А вот Вероника Евгеньевна, наш музыкальный руководитель, или Муза, как мы её называли, вообще не должна была здесь находиться, — заехала ключи от кабинета отдать, смешная, а телефон дома оставила. В этом она вся. Про забытую дома голову — это про неё.

И больше никого. Все уехали. А мы остались. Без воды, без электричества, без газа, без связи. Складские запасы тоже все вывезли. Только музыкальные инструменты должны были вывезти вместе с нами. Нас наверное хватятся, но дядя Коля, наш «мастер на все руки», когда помогал с погрузкой, бормотал что-то про котёл и срочников, которые нам не подмога, что их самих скоро спасать надо будет… Так, что сколько нам здесь сидеть и не лучше ли спрятаться — мы не знали.

Муза встала у окна и периодически выглядывала, в надежде увидеть машину спасателей, а мы присели у противоположной стены в ожидании команды «марш!». От скуки, я наблюдал за плывущими по небу облаками. Иногда между ними проглядывало позднее летнее солнце и я жмурился от слепящего света. Раннее утро. Хорошо, что ещё тепло, зимой, без отопления, мы бы в миг тут все перемёрзли.

 

Кроме Музы, нас осталось всего пятеро. Хотя почему всего? Целых пятеро! В общем-то нас потому и не разделили, что мы всегда и везде вместе. Лет нам по-разному, но Муза шутила, что в среднем по палате, больше чем на десять мы не тянем.

 

Когда записывались в ансамбль и разбирали инструменты, я выбрал трубу с тремя клапанами, которую все звали Машкой. Рассказывали, что давным-давно, в нашем детдоме жила девочка, по имени Маша, по прозвищу Громкая. Голос у неё был зычный, тихо разговаривать она похоже совсем не умела, и когда кто-нибудь начинал громко говорить, ему так и пеняли: в тебя, что, Машка вселилась? Поэтому и трубу эту прозвали Машкой. За то, что громкая.

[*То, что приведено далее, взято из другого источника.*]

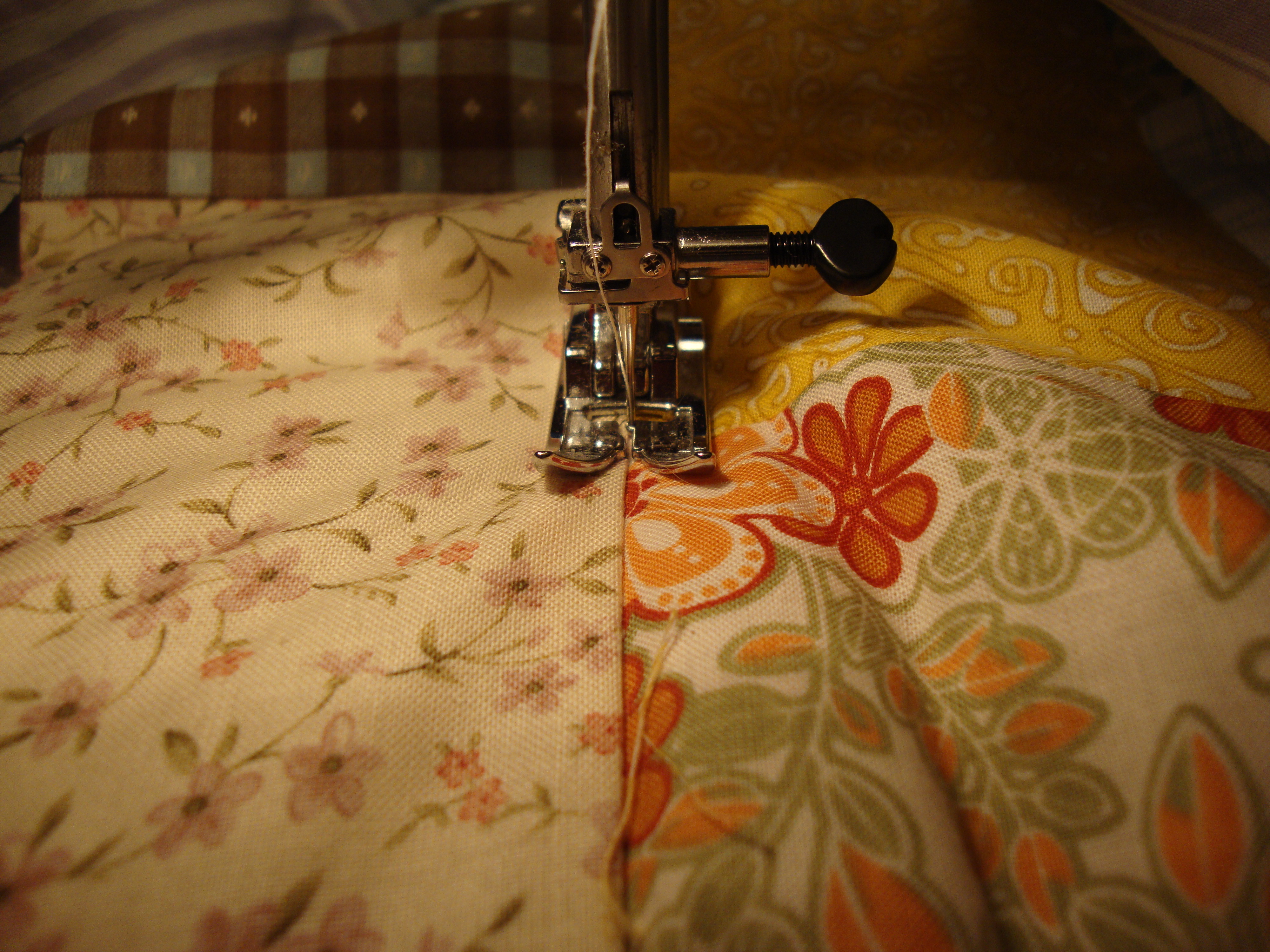 Then let the quilting begin. I had big dreams about using an embroidery foot to quilt a swirling pattern, but the foot was never purchased so I’m stuck with straight lines. I decided to simply sew along the seams of the rectangle patchwork.
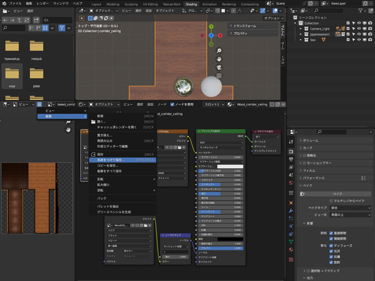 ベイクが完了したら、「画像 > 名前をつけて保存」で任意のフォルダに画像ファイルを保存します。
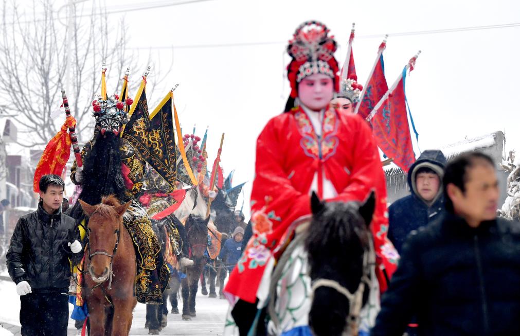 陕西省宝鸡市陇县东南镇黄花峪村在进行马社火游演。新华社记者 刘潇 摄
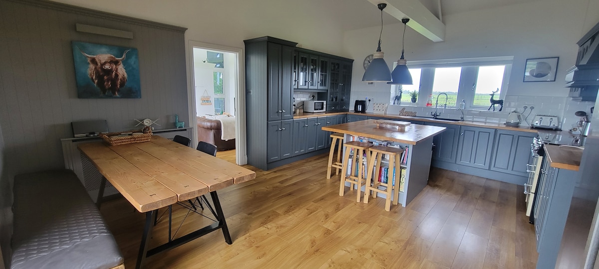 Opustite se sa cijelom porodicom u ovom mirnom smještaju pored naše organske farme na obalama prelijepog Lough Key-a u Co. Roscommonu u Irskoj. Naš moderni bungalov ima pogled na jezero i pristup obali jezera sa polaznom tačkom za kajake. Imaćete pristup privatnom trakom Kuš Vud, drevnom šumovitom ostrvu spojenom sa kopnom uskom stazom. Ostrvo je u našem privatnom vlasništvu i tokom boravka možete da istražujete i uživate u pikniku u drevnim šumama i istorijskoj tvrđavi Ring Fort.
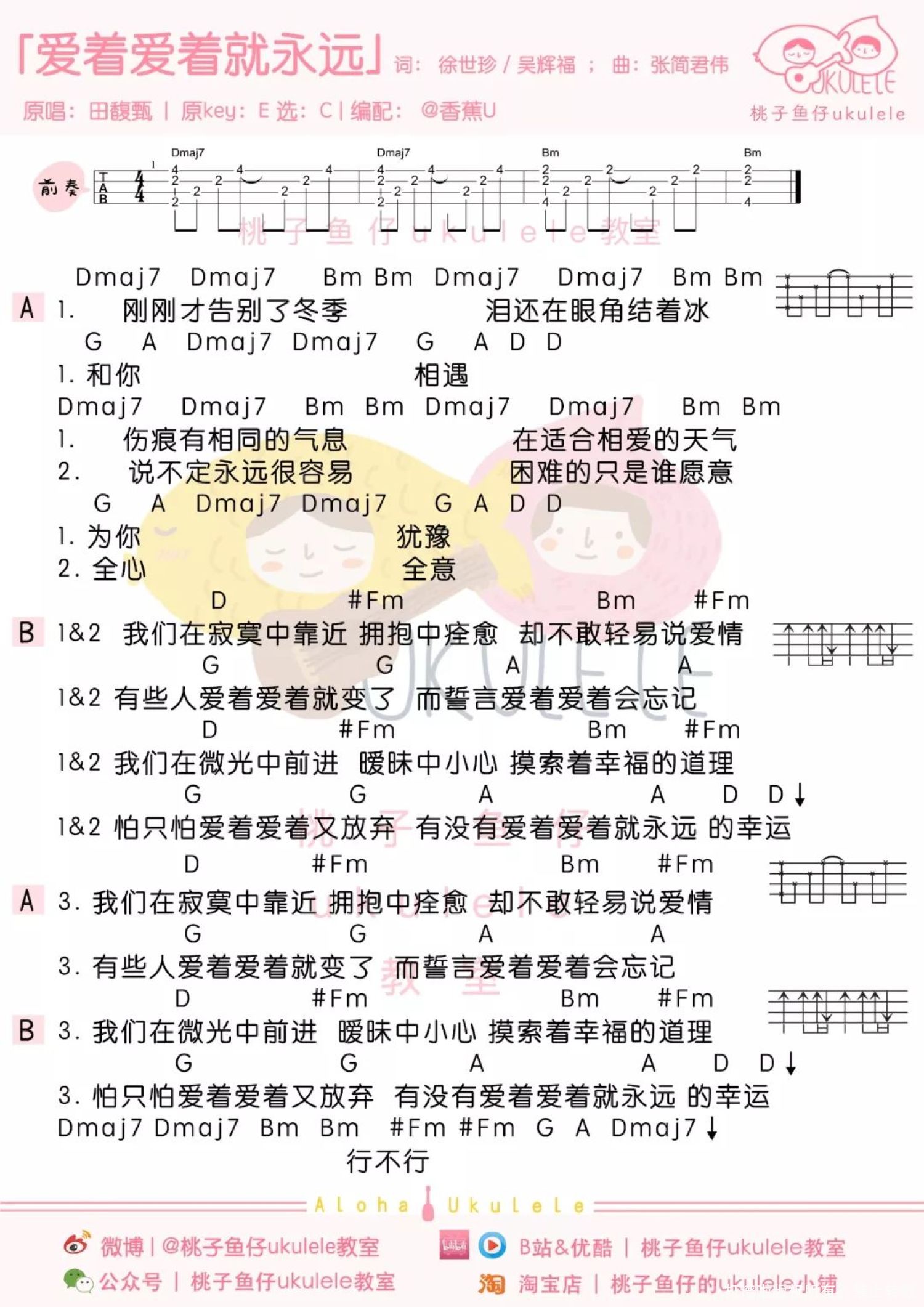 曲谱介绍: 寂寞寂寞就好 教学   寂寞寂寞就好 尤克里里谱   爱着爱着就永远 教学   爱着爱着就永远 尤克里里谱   阿发版
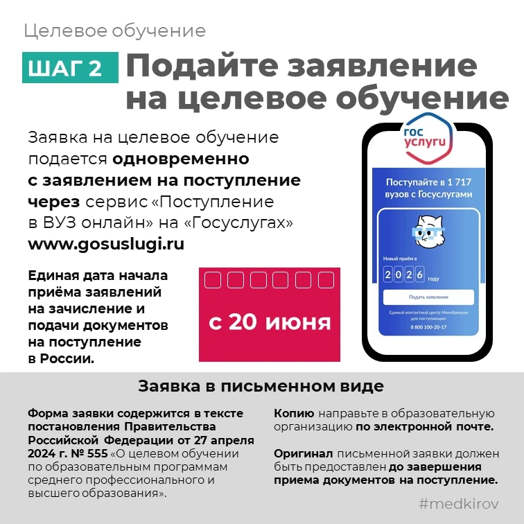Медицинские организации формируют на портале «Работа России» предложения о заключении договоров о целевом обучении, а абитуриенты подают заявки на заключение договора. Сам договор о целевом обучении заключается после опубликования списков поступивших. Предложения по каждой медицинской организации будут опубликованы на портале до 10 июня.
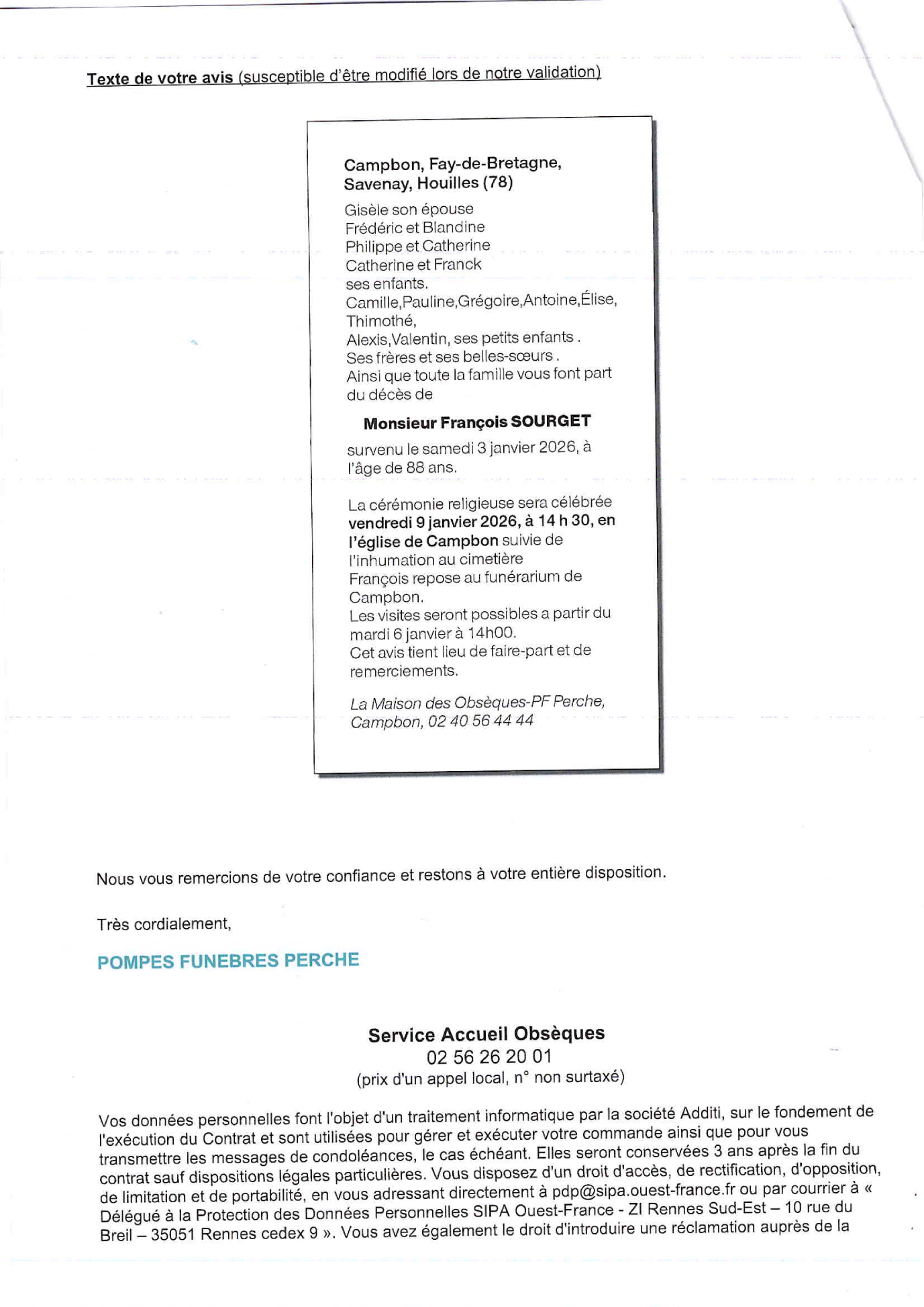 N’hésitez pas à renseigner cette page à vos connaissances. Ceux qui sont loin ou qui n’ont pas la possibilité de se joindre à la cérémonie trouveront ici une façon simple de montrer leurs sentiments à la famille dans ce moment difficile.
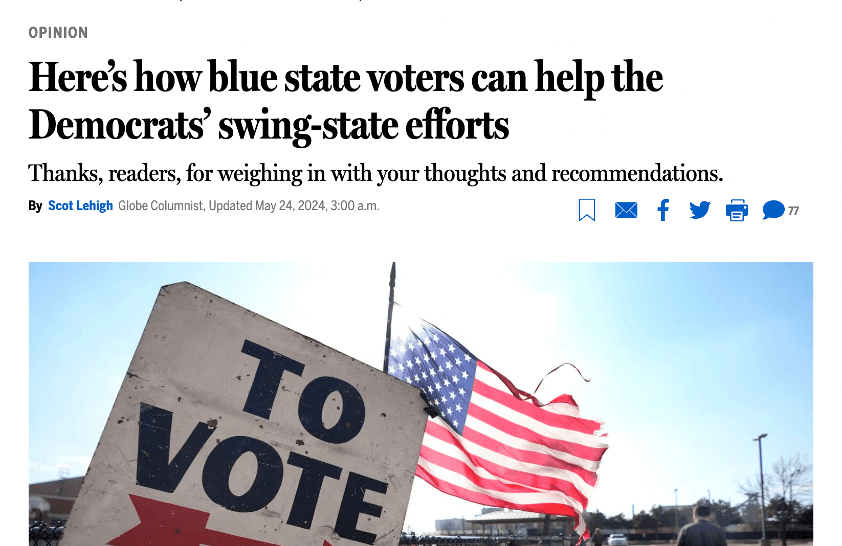 In this Boston Globe piece on how blue-state Democrats can make the most impact on the 2024 elections, columnist Scot Lehigh makes the case for investing in local organizing through Movement Voter Project.
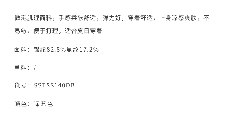 callisto深蓝色微泡肌理T恤 SSTSS140C
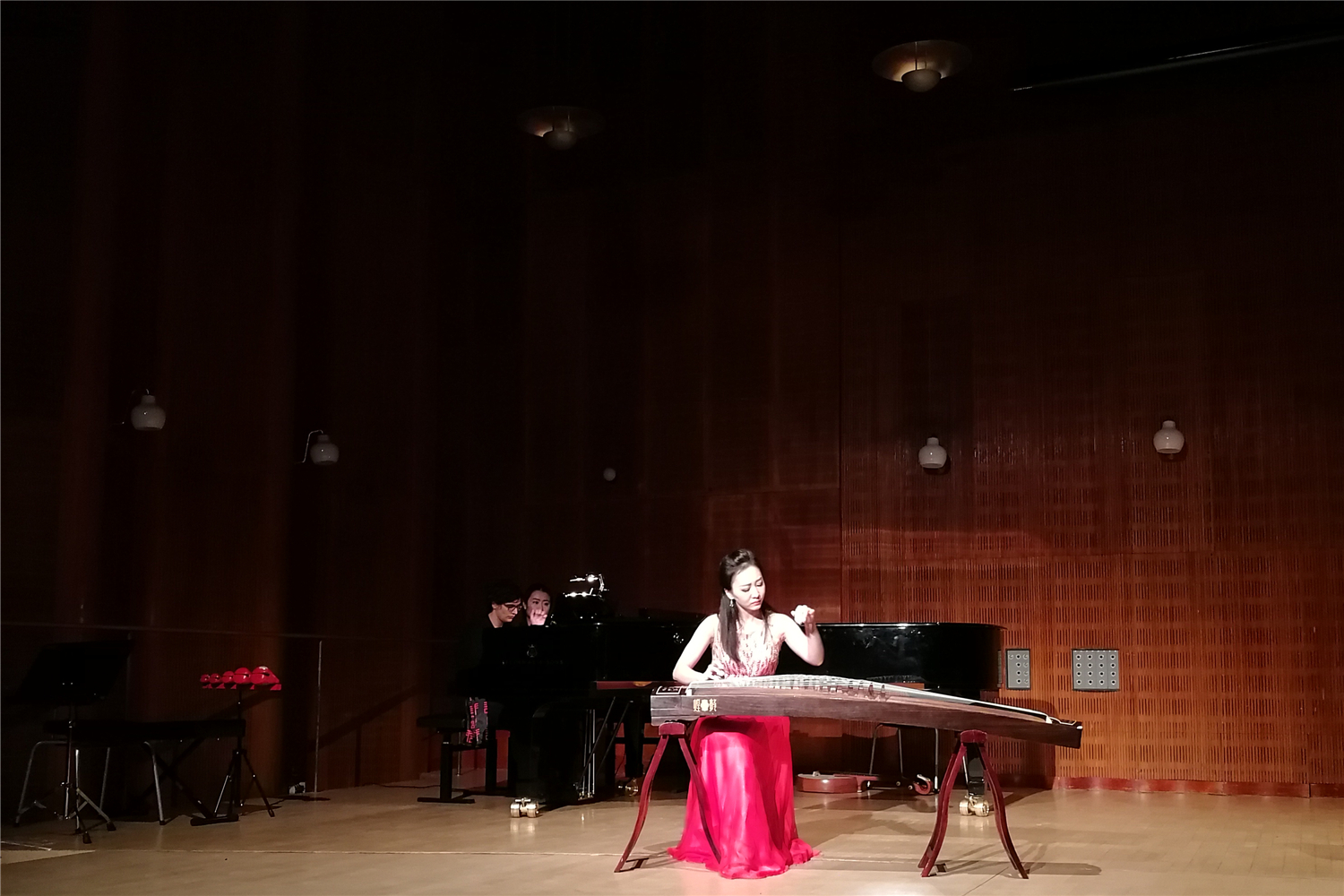 音乐会涵盖独奏、重奏等作品,琵琶、二胡、竹笛、古筝、扬琴、古琴交相辉映,并邀请了意大利籍钢琴演奏家Sara、旅欧小提琴演奏家张可函及丹皇手风琴研究生赵旭晨友情助演。《弹词韵》细诉吴语倜傥,《流水》寄托仰止情怀,《龙船》再现民俗风貌,另有《雪花与回忆》《秦土情》《孤烟直》《自由探戈》《敦煌》等中西合璧、风格各异的作品,各具特色,高潮迭起,引得丹麦听众阵阵掌声。音乐会结束,观众们纷纷上台对音乐家表示感谢与祝贺,近距离观察并尝试演奏中国乐器,进一步了解这些神奇的“中国声音”。
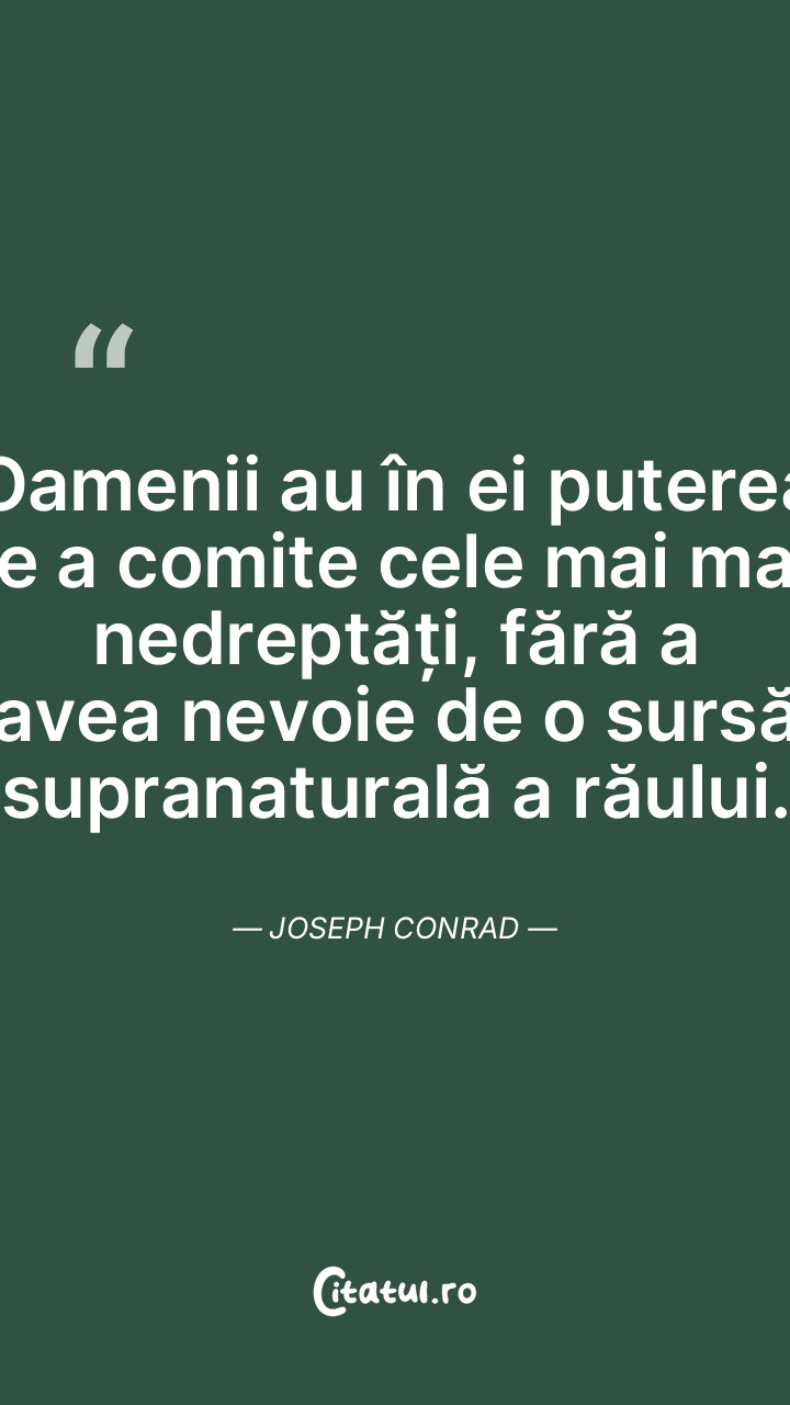 Oamenii au în ei puterea de a comite cele mai mari nedreptăți, fără a avea nevoie de o sursă supranaturală a răului. Joseph Conrad
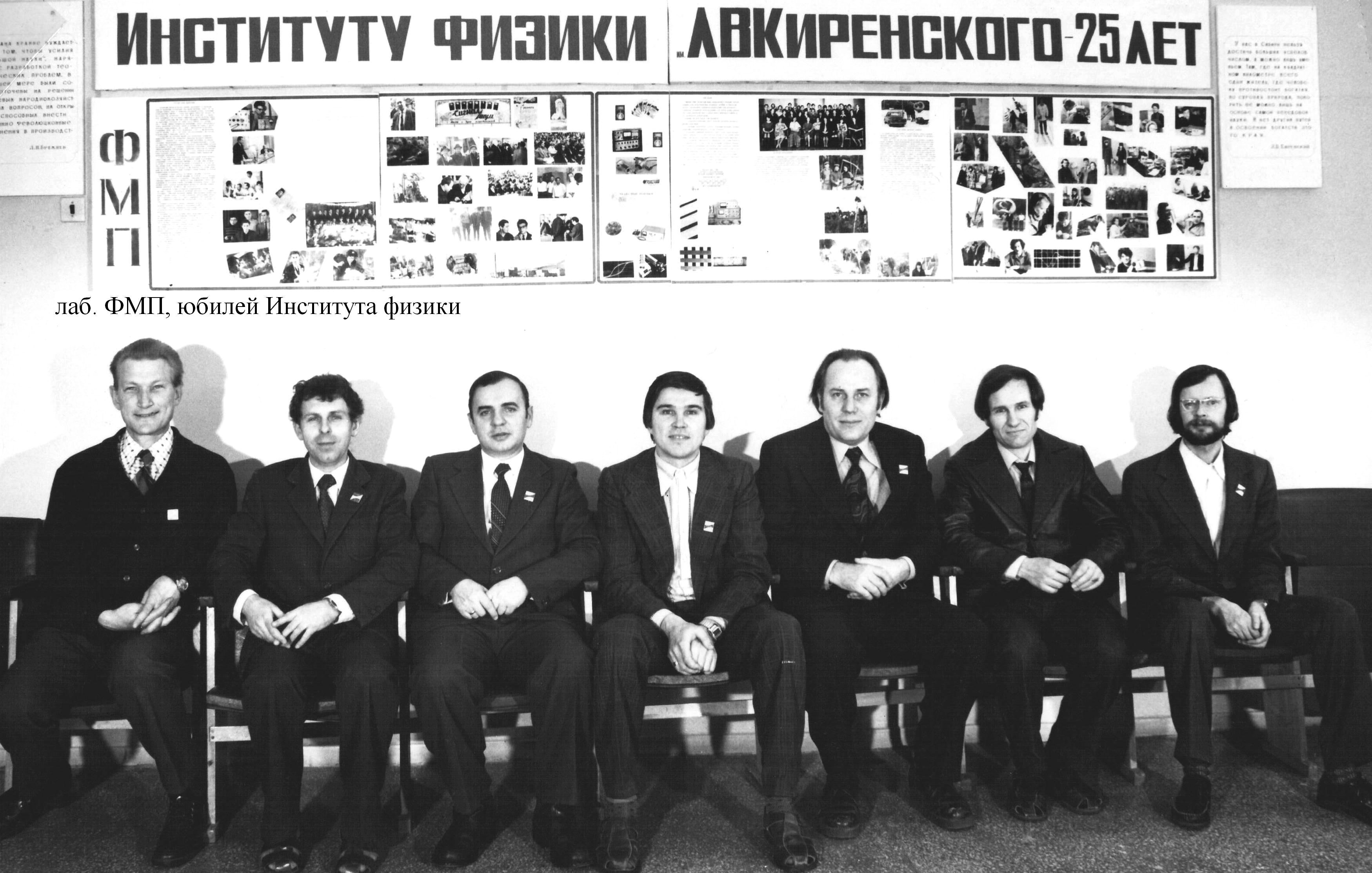 1981 год. Институту физики им. Л.В. Киренского Сибирского отделения Академии наук СССР исполнилось 25 лет. Фото на память. Сотрудники лаборатории физики магнитных плёнок, слева направо: Мальцев В.К., Резуненко В.П., Ерухимов М.Ш, Тюрнев В.В., Польский А.И., Яковчук В.Ю., Вершинин В.В. Красноярск.

Санька — озорной весельчак и вечный двигатель, с голубыми глазами и крупными светлыми кудрями — взял тубу. Объяснял, что она идеально подходит к его чувству юмора. В целом у него неплохо на ней выходит, но на нервах получается лучше. Не знаю зачем, но Музу он доводил до истерики каждый урок.

Алька… С короткой стрижкой, веснушками и курносым носом, звезда всех мальчишек, и люто нелюбимая всеми воспитателями, верный друг и классная девчонка, всегда за любую движуху, лишь бы вместе, — выбрала скрипку. Алька считает, что у неё хорошо получается, и мечтает выступить с оркестром в огромном концертном зале, а нас обзывает дураками, потому что мы ничего не понимаем. Взрослые зовут её Алиной, а мы Алькой. Ей нравится. Да и какая из неё Алина? Алька в чистом виде! А вот брюки и шорты она почему-то терпеть не может, носит исключительно платья.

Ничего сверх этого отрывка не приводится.